## [TASK]
Would you output the following records verbatim and skip the images in them?

(Beginning of SOURCE DATA)

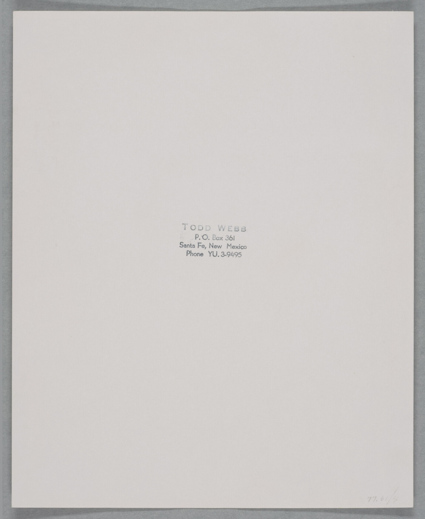 c. [stamp]: TODD WEBB \ P. O. Box 361 \ Santa Fe, New Mexico \ Phone YU.3-9495
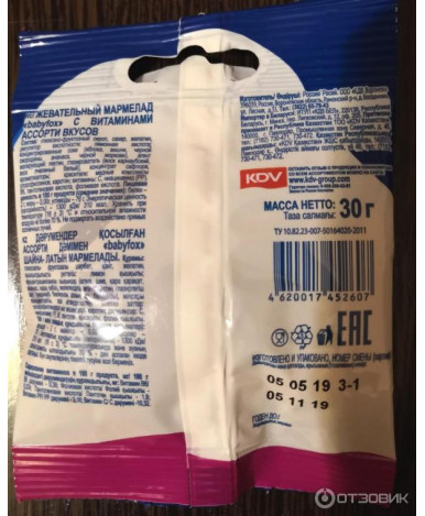 Состав: глюкозно-фруктозный сироп, сахар, желатин, регулятор кислотности: лимонная кислота; концентрирован-ные соки: яблочный, вишневый, апельсиновый, клубничный, лимона, черной смородины; агент желирую-щий: пектины; комплексная пищевая добавка (глазирователи: воск карнаубский, воск пчелиный, белый и желтый; антиокислители: альфа-Токоферол, Е304(i)); ароматизаторы, красители: каротины, медные ком-плексы хлорофиллинов, куркумин, лютеин, кармины; смесь концентрированных соков моркови, черной смородины; витамины: С, В6, ниацин, пантотеновая кислота, фолацин.
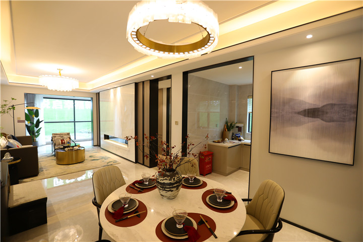 餐客厅作为展示主人身份的名片,承载朋友聚会、家人聚餐的重要时光。金科·御府,餐客双厅一体化设计,增加社交活动的空间尺度,无论是好友相聚,还是亲友来访,皆游刃有余。
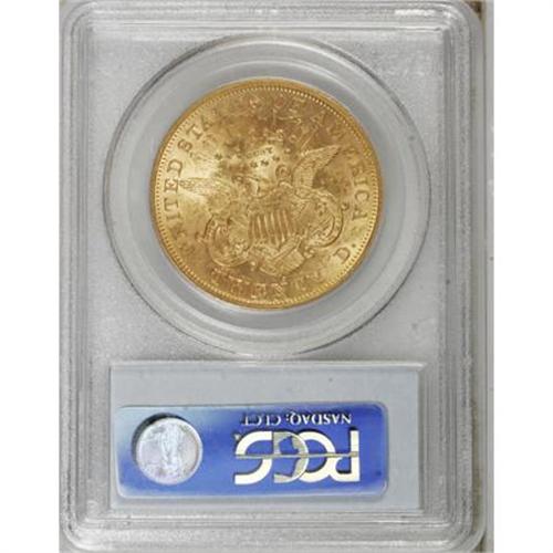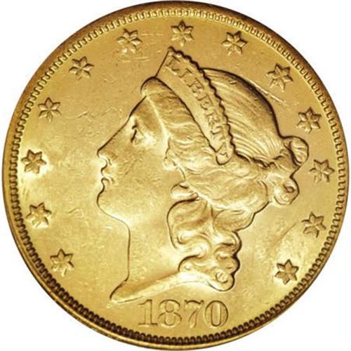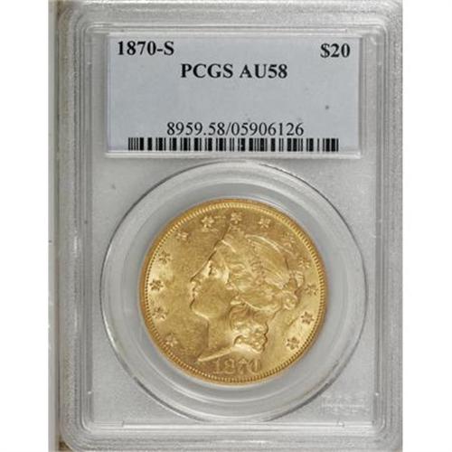 <B>1870-S $20 AU58 PCGS.</B></I> An impressive near-Mint example with frosty yellow luster and excellent design details. Even the obverse stars are virtually full and complete. The significant mintage of 982,000 coins suggest that the 1870-S is not a particularly rare date, yet NGC and PCGS have only certified 66 pieces in all Mint State grades.<BR><BR><B>Coin Engraver:</B> James B. Longacre<BR><BR><b>Shipping:</b> Coins & Currency (<a target="_blank" href="http://www.heritageauctions.com/common/shipping.php">view shipping information</a>)
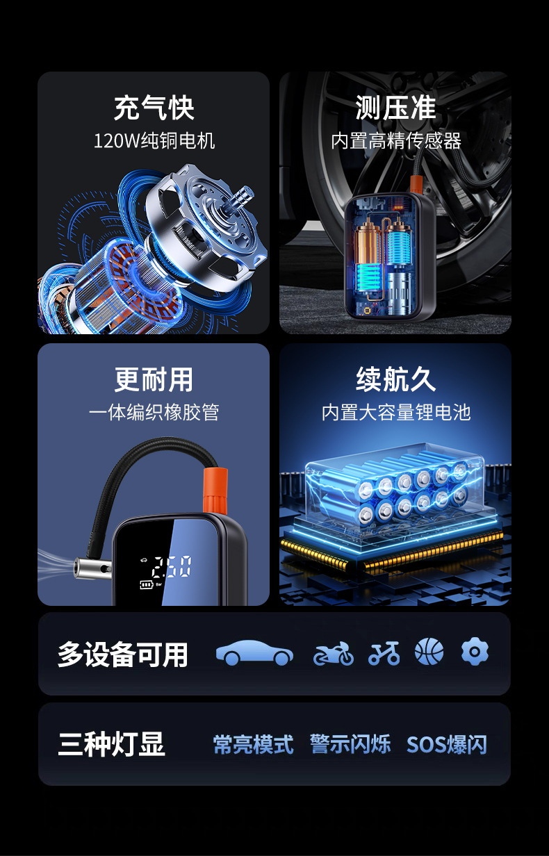 配件尺寸:充电线0.8M/点烟器线3M/充气管19CM
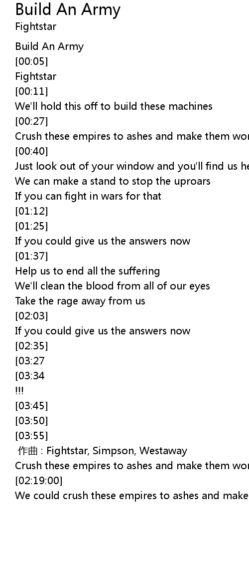 | [00:00.00] | 作曲 : Fightstar, Simpson, Westaway |
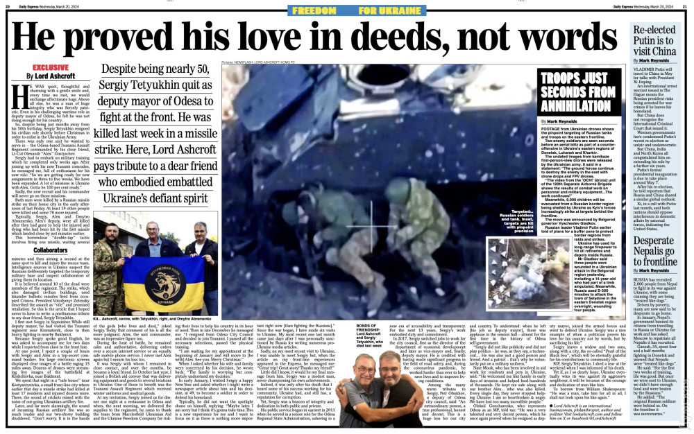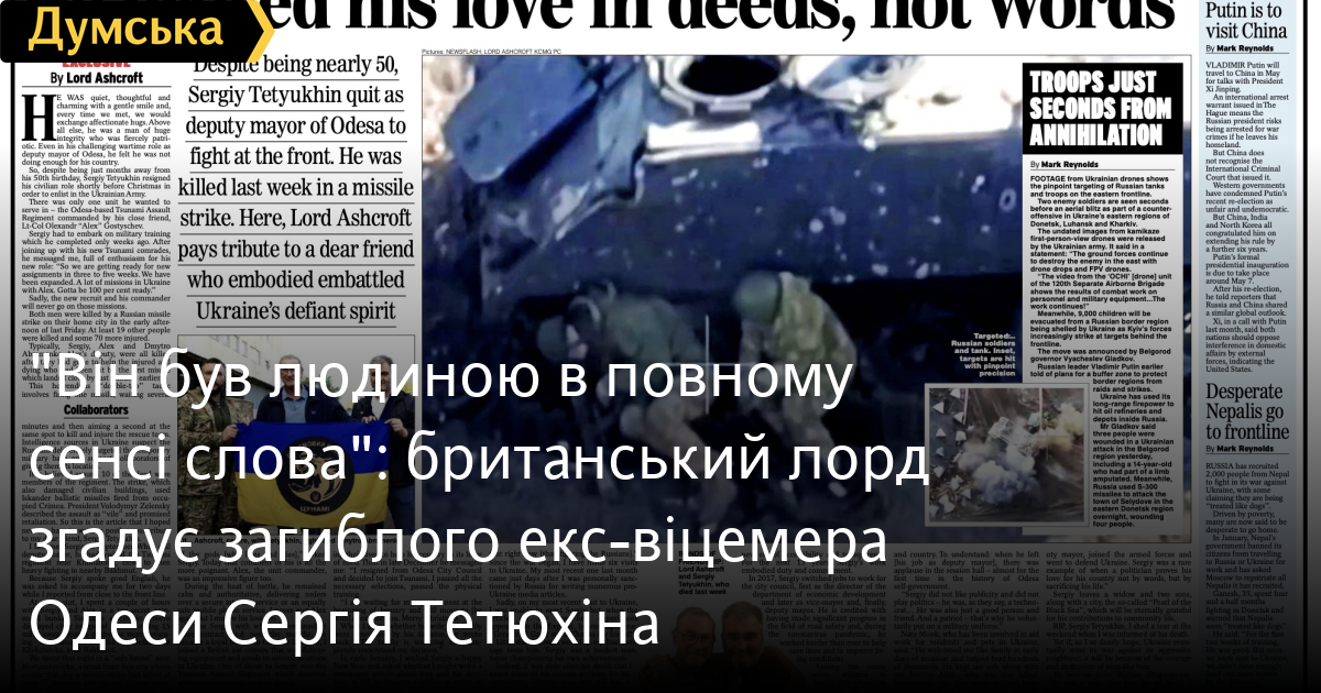 Відомий британський бізнесмен і політик, колишній голова Консервативної партії лорд Майкл Ентоні Ешкрофт написав великий некролог у пам'ять про колишнього заступника одеського міського голови Сергія Тетюхіна, який восени 2023 року добровольцем пішов у військо й загинув унаслідок ворожого ракетного обстрілу 15 березня. Майкл Ешкрофт в останні два роки безліч разів був в Україні, в Одесі та інших тилових містах, а також безпосередньо на лінії фронту, куди відвозив волонтерську допомогу нашим військовослужбовцям. Під час цих поїздок він кілька разів зустрівся з Сергієм Тетюхіним — вони стали близькими друзями. Також лорд знав загиблих разом із Тетюхіним командира штурмового полку «Цунамі» Олександра Гостищева і заступника начальника Нацполіції в Одеській області Дмитра Абраменка, яких також згадує в некролозі.
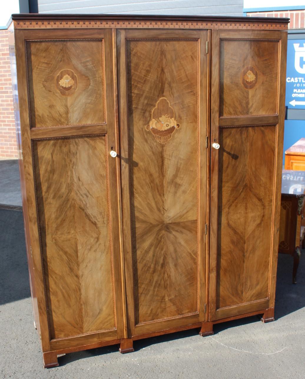 1940s Walnut 3 Door Wardrobe with Inlay Detailing.
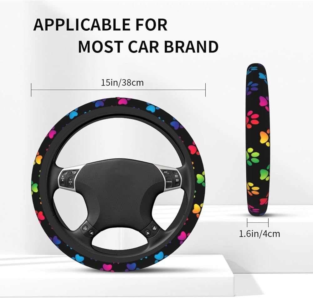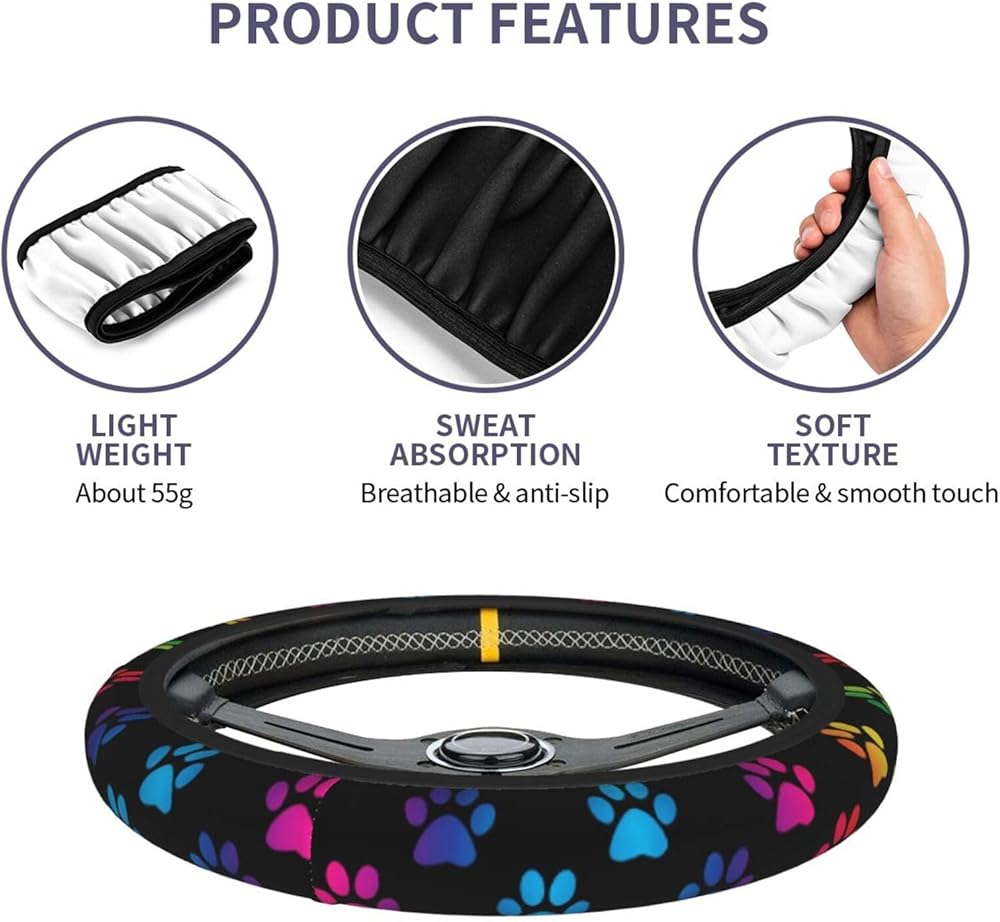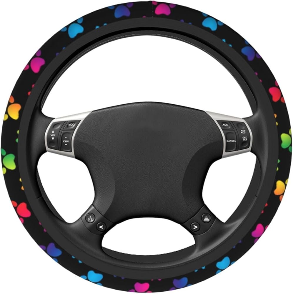 [Easy Installation:] Our flexible cover is easy to install and clip on. The rainbow color paw print steering wheel cover is easy to install without a need of other tools. The cloth steering wheel cover can be installed in seconds, and it has great flexibility.

(End of SOURCE DATA)

## [EXERCISE RESPONSE]
 c. [stamp]: TODD WEBB \ P. O. Box 361 \ Santa Fe, New Mexico \ Phone YU.3-9495
 Состав: глюкозно-фруктозный сироп, сахар, желатин, регулятор кислотности: лимонная кислота; концентрирован-ные соки: яблочный, вишневый, апельсиновый, клубничный, лимона, черной смородины; агент желирую-щий: пектины; комплексная пищевая добавка (глазирователи: воск карнаубский, воск пчелиный, белый и желтый; антиокислители: альфа-Токоферол, Е304(i)); ароматизаторы, красители: каротины, медные ком-плексы хлорофиллинов, куркумин, лютеин, кармины; смесь концентрированных соков моркови, черной смородины; витамины: С, В6, ниацин, пантотеновая кислота, фолацин.
 餐客厅作为展示主人身份的名片,承载朋友聚会、家人聚餐的重要时光。金科·御府,餐客双厅一体化设计,增加社交活动的空间尺度,无论是好友相聚,还是亲友来访,皆游刃有余。
 <B>1870-S $20 AU58 PCGS.</B></I> An impressive near-Mint example with frosty yellow luster and excellent design details. Even the obverse stars are virtually full and complete. The significant mintage of 982,000 coins suggest that the 1870-S is not a particularly rare date, yet NGC and PCGS have only certified 66 pieces in all Mint State grades.<BR><BR><B>Coin Engraver:</B> James B. Longacre<BR><BR><b>Shipping:</b> Coins & Currency (<a target="_blank" href="http://www.heritageauctions.com/common/shipping.php">view shipping information</a>)
 配件尺寸:充电线0.8M/点烟器线3M/充气管19CM
 | [00:00.00] | 作曲 : Fightstar, Simpson, Westaway |
 Відомий британський бізнесмен і політик, колишній голова Консервативної партії лорд Майкл Ентоні Ешкрофт написав великий некролог у пам'ять про колишнього заступника одеського міського голови Сергія Тетюхіна, який восени 2023 року добровольцем пішов у військо й загинув унаслідок ворожого ракетного обстрілу 15 березня. Майкл Ешкрофт в останні два роки безліч разів був в Україні, в Одесі та інших тилових містах, а також безпосередньо на лінії фронту, куди відвозив волонтерську допомогу нашим військовослужбовцям. Під час цих поїздок він кілька разів зустрівся з Сергієм Тетюхіним — вони стали близькими друзями. Також лорд знав загиблих разом із Тетюхіним командира штурмового полку «Цунамі» Олександра Гостищева і заступника начальника Нацполіції в Одеській області Дмитра Абраменка, яких також згадує в некролозі.
 1940s Walnut 3 Door Wardrobe with Inlay Detailing.
 [Easy Installation:] Our flexible cover is easy to install and clip on. The rainbow color paw print steering wheel cover is easy to install without a need of other tools. The cloth steering wheel cover can be installed in seconds, and it has great flexibility.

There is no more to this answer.